Kiran Kedlaya; University of California, San Diego

adapted from lectures by William Stein, University of Washington

Guest lecturer: Alina Bucur

Lecture 27: Public key cryptography and number theory, part 2

Announcements:

Office hours this week:
- Zonglin: Thursday, March 16, 3:30-5:30 in APM 5748.
- Kiran: Friday, March 17, 11-12 in APM 7202.
- Peter: Friday, March 17, 12-1 and 3-4 in APM 6132.
Homework due Friday, 8pm. Peer grading due Sunday, 8pm.
No final exam!
Please do your course evaluation (CAPE)! Evaluations close Monday, March 20 at 8am.

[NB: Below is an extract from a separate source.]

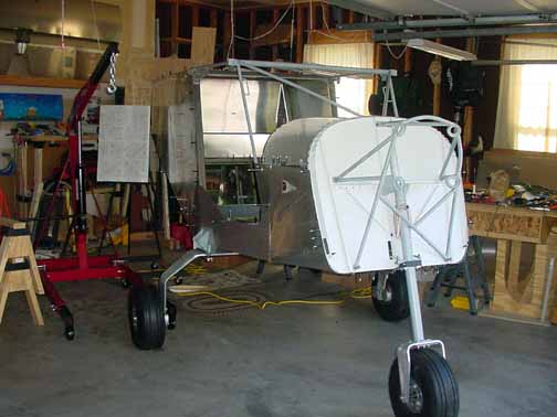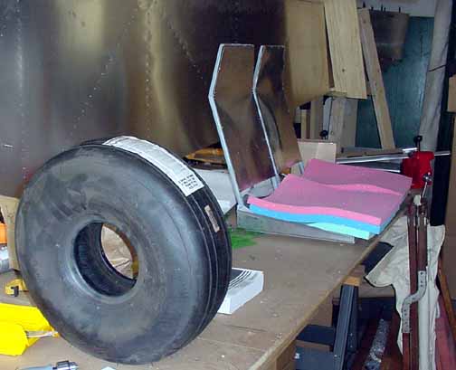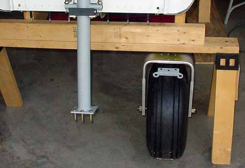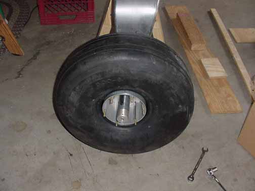 Above, the nose gear completed and waiting to be bolted. As you can see, the fuselage will need to be lifted a bit off the cradle before the nose fork can be attached, so I will wait until the main gear are on. The bolts are hanging down from the strut and will go into the fork, and then through the tow plate, which is just resting on the tire. Getting the inner tube into the tire and centered so that the air nozzle of the inner tube is at the right spot was a bit difficult, but otherwise the Matco wheel was put in place very easily. Make sure you pay attention to how the wheel is put together when you take it apart. As per the recommendations of the manual, I made a center spacer for the axle out of the same 3/4 inch 4130 tubing that I used for the FHNSF. Also, I picked up a flyer from ZAC for the 8.00 x 6 Condor tires, which stated that the tires should be inflated to 35 lbs of pressure.

Last time, we saw how to use the difficulty of the discrete logarithm problem to execute a Diffie-Hellman key exchange.

This time, we will use the difficulty of integer factorization to perform RSA encryption and decryption.

To begin with, one needs two large primes $p$ and $q$ , preferably of comparable size; one then computes $N = pq$ . The values $p$ and $q$ must be kept private, but the value of $N$ will be made public. (Having $p$ and $q$ be of comparable size is important because otherwise, one can try to use a factorization technique that looks specifically for the smaller prime factor, e.g., trial division.)

In [0]:

p = random_prime(2^512)
q = random_prime(2^512)
N = p*q
print(N)

In [0]:

factor(N) ## This won't work.

Since we know the factorization of $N$ as $p*q$ , we can compute the Euler phi function $\varphi(N) = (p-1)(q-1)$ . This must be kept secret!

In [0]:

ph = (p-1)*(q-1)
print ph

Let's say we want to have a public key for encryption and a secret key for decryption. We pick a value $e$ coprime to $\varphi(N)$ and make that public. We then compute the reciprocal of $e$ mod $\varphi(N)$ , called $d$ , and keep that private.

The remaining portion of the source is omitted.